You’ll never find what you want playing random matches with strangers.

I never said this was a new, original and exciting idea.


I do understand what you are getting at with your post, regarding games trying to be overly realistic but not succeeding. However, there are two points I want to mention regarding this. First is there still has to be a balance between fun and realism. Granted I have only played RO out of the list you mentioned, the maps are generally pretty big. It would take ages for everyone to find and kill each other when it’s down to just a few guys. I can understand why they would include respawning, so players don’t get bored but instead keep interacting and fighting.

To me, ‘realism’ is more about the way the weapons and players handle themselves. Weapons need to handle realistically, there is no run & gun gameplay, no bunny hopping, no crosshairs (just iron sights), teamwork, communication, etc. The last time I played RO (a month or two ago), it had most of this and worked really well. I greatly enjoyed it.

Secondly, in regards to people throwing themselves at stuff just so they can respawn, to me that is going to happen in any game. Realistic games just strive to recreate the world a little better, but ‘realism’ itself will never truly exist. People will always remember it’s a game, and it doesn’t not have the fear and permanent death aspect to keep people from carelessly tossing themselves out into the line of fire. There is nothing to discourage this behavior in any style game.

Neotokyo though is a wonderful mod and I’ve enjoyed it. People still play it fairly TDM style though, but when you get with a good group of players who communicate, it is definitely fun. It’s a nice CS clone with some twists.

RO is awesome.

I think it does an amazing job of capturing the feel of an epic battle. Running through the environments, the sounds of explosions all around, how quickly you can die, you don’t feel safe anywhere… I think they did a pretty good job.

I remember when I got a bunch of friends together to play this. They had never touched the game before. To sum up their thoughts in one word… “Epic”. The game just gets the scale so right, you feel so tiny and weak… but you still have to fight.

I haven’t tried the HL2 mods you mentioned, but I do get your point. It does seem like these “realism” shooters have been trying to one-up eachother all the way… but I think it is cool. It is changing how the FPS game works. RO is a great example, you can just run around willy-nilly shooting from the hip… you need to think about what you are doing, hide behind buildings, wait for a chance to ambush, sneak up around the enemies flanks. The game rewards this play-style through how the combat works. 1 shot, 1 kill is usually how firefights go, so being sneaky or careful really pays off.

I haven’t played the game in probably 6 months, but that is how I remember the game working last I played. I was really into it.

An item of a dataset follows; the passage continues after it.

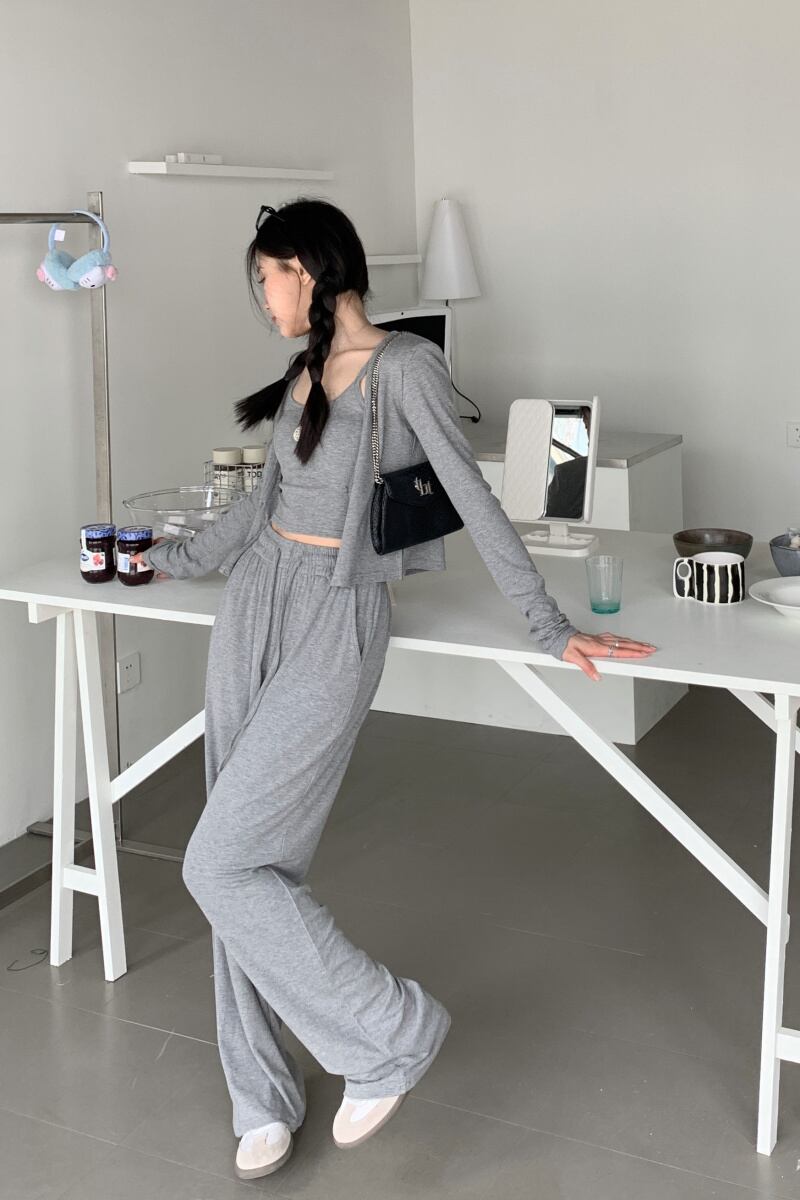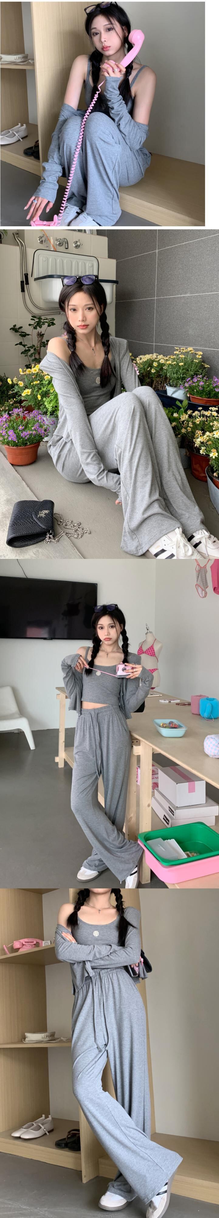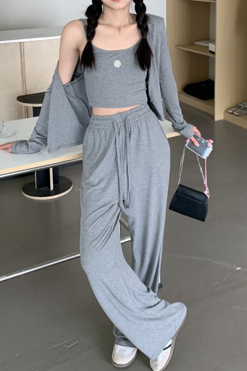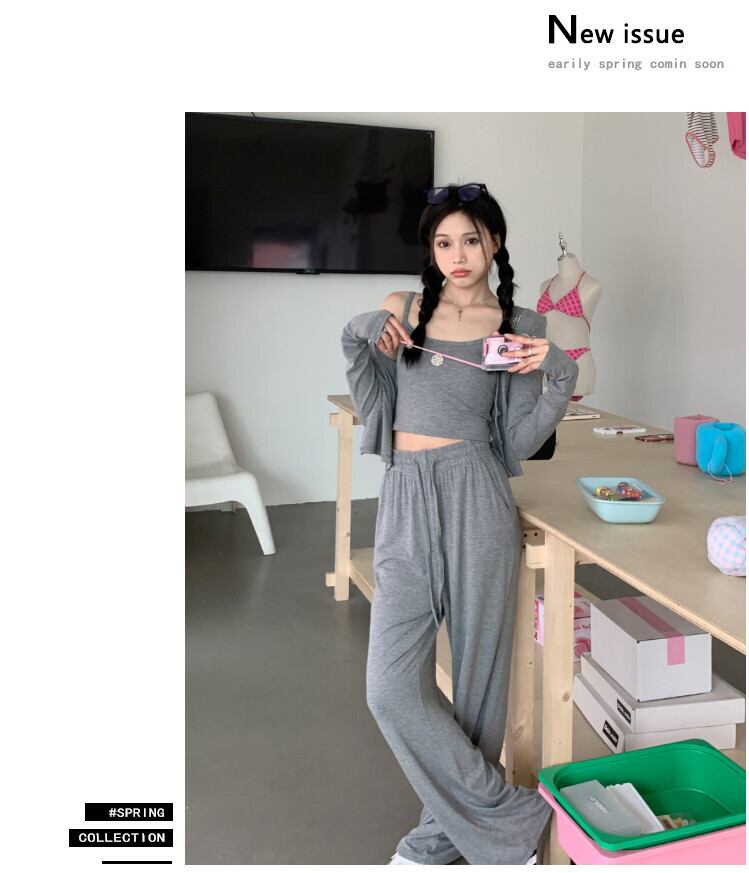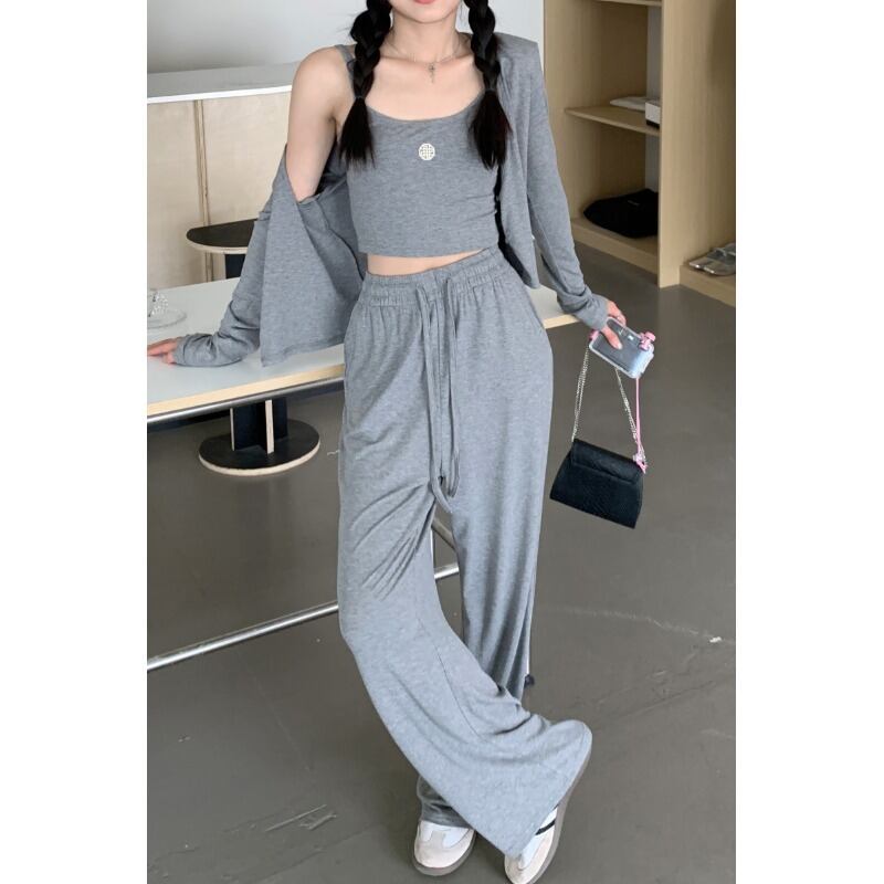 ホットガールスーツ夏長袖ショート日焼け止めカーディガンスリングタンクトップパンツ 3 点セット服 ロング サマー 夏物

Last Man Standing Action Quake blew the socks off Counter Strike any day of the week and both of those games were very far from realistic. There was also no viable FFA component to CS, nor was there any equipment besides the mandatory kevlar, nades & defusers. I tried the first beta for Insurgency, it was complete garbage and I never touched it again. What’s the population for small scale Source mods nowadays? I’d assume it can’t be much larger than a couple thousand active players, at best. Anyways, a large component of the LMS allure on public servers is the spectator aspect. This really hasn’t changed since Rocket Arena 1v1’s back in the QW days, it’s just more hilarious to watch someone headshot 7 other people with a single magazine of pistol ammunition as they flounder around like idiots.

That’s probably a bit on the high side past the first month after release - sadly valve / steam has stopped updating the game stats page that used to list hl2 mods as well as retail games. But back then (sept 06 was the last update to the stats page), most mods were averaging about 60 players and anywhere from 120 to 2 servers. With the number of mods released since then, I suspect that it’s even harder to maintain a player base after the first month of release above a couple of hundred concurrent players.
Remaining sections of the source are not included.